* [Given data]:
---

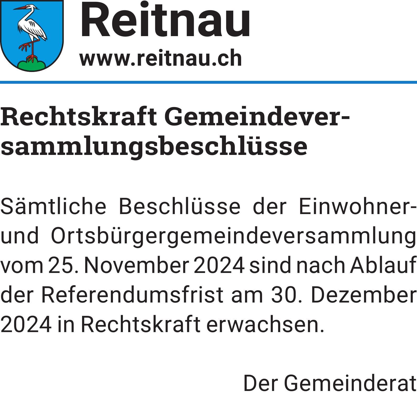Sie sind hier: Home > Amtliche Mitteilungen > Rechtskraft Gemeindeversammlungsbeschlüsse
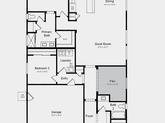 MLS#6637258 The single-story 35R2 Plan in Rio Vista at Rancho Mercado presents 3 bedrooms, a flex room, and a sought-after open floorplan. The main living area offers ample space for relaxation or entertaining. The beautiful kitchen features an island with bar-style seating, overlooking the spacious great room, dining area, and covered outdoor living space. The flex room can transform into a formal dining room or study. All 3 bedrooms are strategically spaced for maximum privacy. Unwind in the generously sized owner's suite located at the back of the home. The owner's bath includes dual sinks, a large walk-in shower, and a walk-in closet. Design highlights encompass 36" upper kitchen cabinets with crow molding, 8' interior doors, appliances, paint and more! Structural options added include: Pavers at front porch, driveway and entry, flex room in place of bed 4, garage service door, alternate A/C location and soft water loop.
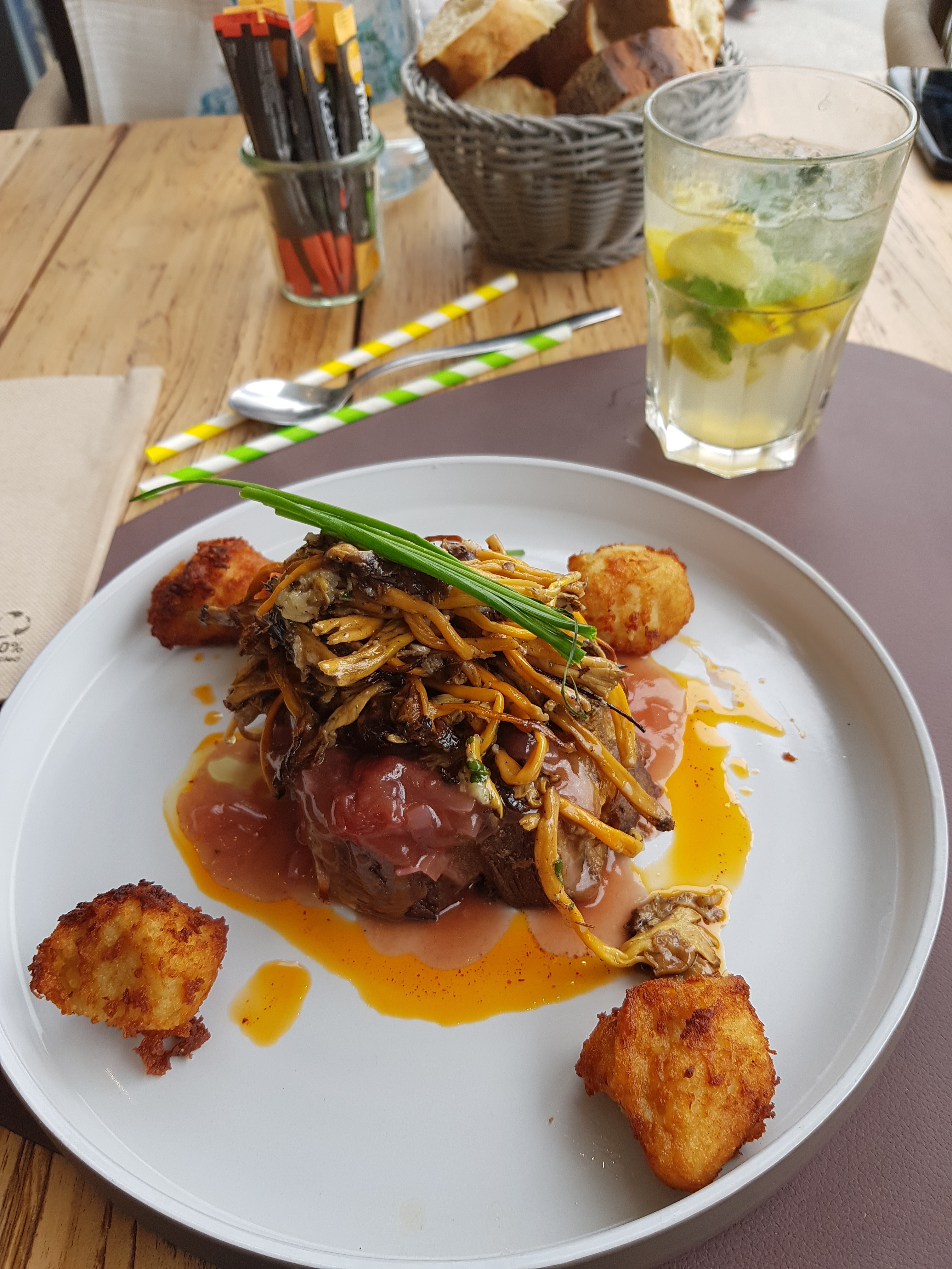 A part le cadre et sa localisation, service sympathique et agréable. Mais le thon aux agrumes n était pas frais ( il etait poisseux), mon hamburger au canard la viande était complètement destructurée.
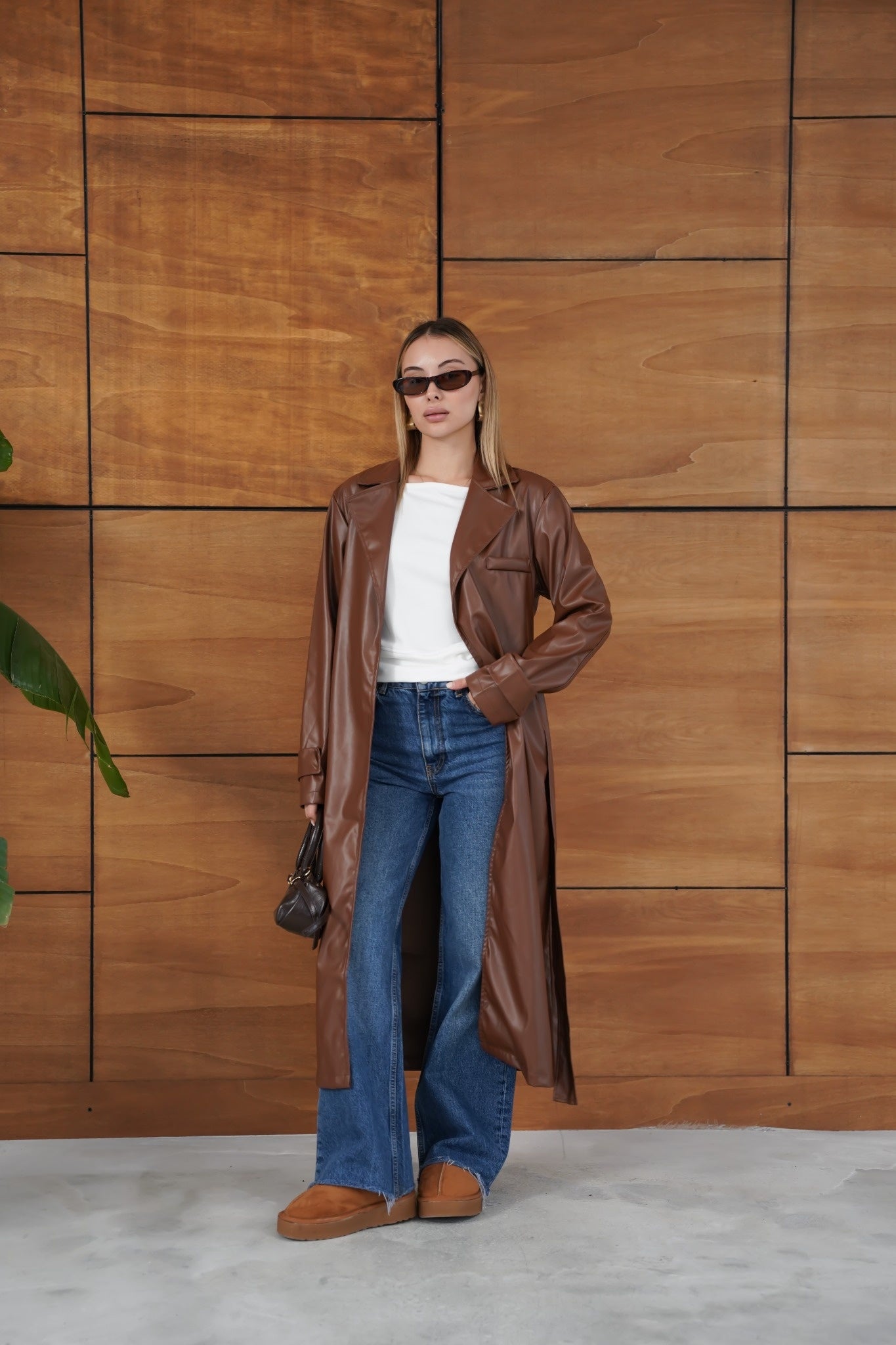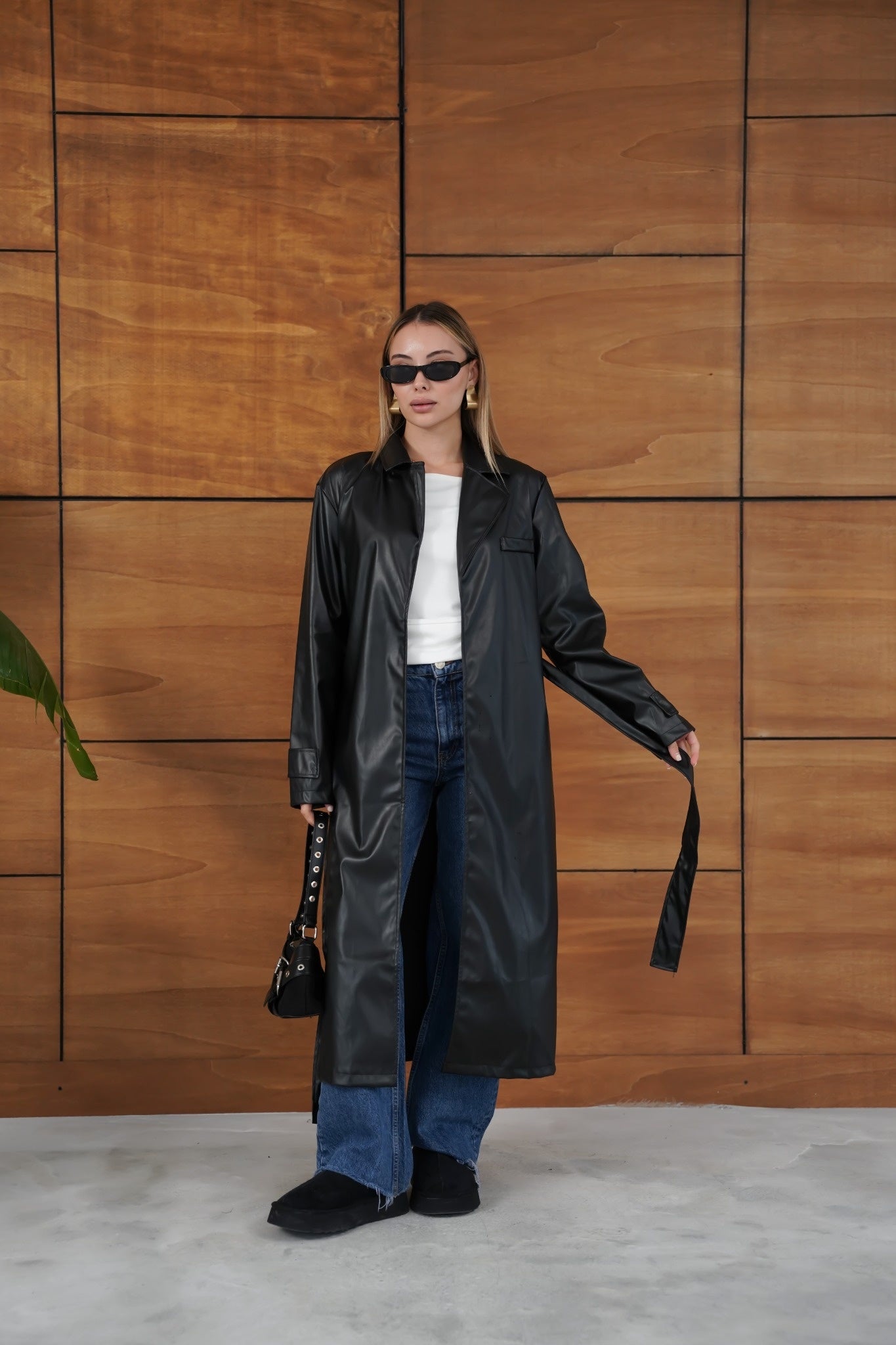 Zamansız şıklığı modern bir duruşla buluşturan Kadın Uzun Kemerli Vegan Deri Trençkot, her kombine güçlü bir stil katan vazgeçilmez bir dış giyim parçasıdır.

---

* [Work instructions]: An exact copy of all the lines above is required, with the pictures removed.

* [Reply to the task]:
Sie sind hier: Home > Amtliche Mitteilungen > Rechtskraft Gemeindeversammlungsbeschlüsse
 MLS#6637258 The single-story 35R2 Plan in Rio Vista at Rancho Mercado presents 3 bedrooms, a flex room, and a sought-after open floorplan. The main living area offers ample space for relaxation or entertaining. The beautiful kitchen features an island with bar-style seating, overlooking the spacious great room, dining area, and covered outdoor living space. The flex room can transform into a formal dining room or study. All 3 bedrooms are strategically spaced for maximum privacy. Unwind in the generously sized owner's suite located at the back of the home. The owner's bath includes dual sinks, a large walk-in shower, and a walk-in closet. Design highlights encompass 36" upper kitchen cabinets with crow molding, 8' interior doors, appliances, paint and more! Structural options added include: Pavers at front porch, driveway and entry, flex room in place of bed 4, garage service door, alternate A/C location and soft water loop.
 A part le cadre et sa localisation, service sympathique et agréable. Mais le thon aux agrumes n était pas frais ( il etait poisseux), mon hamburger au canard la viande était complètement destructurée.
 Zamansız şıklığı modern bir duruşla buluşturan Kadın Uzun Kemerli Vegan Deri Trençkot, her kombine güçlü bir stil katan vazgeçilmez bir dış giyim parçasıdır.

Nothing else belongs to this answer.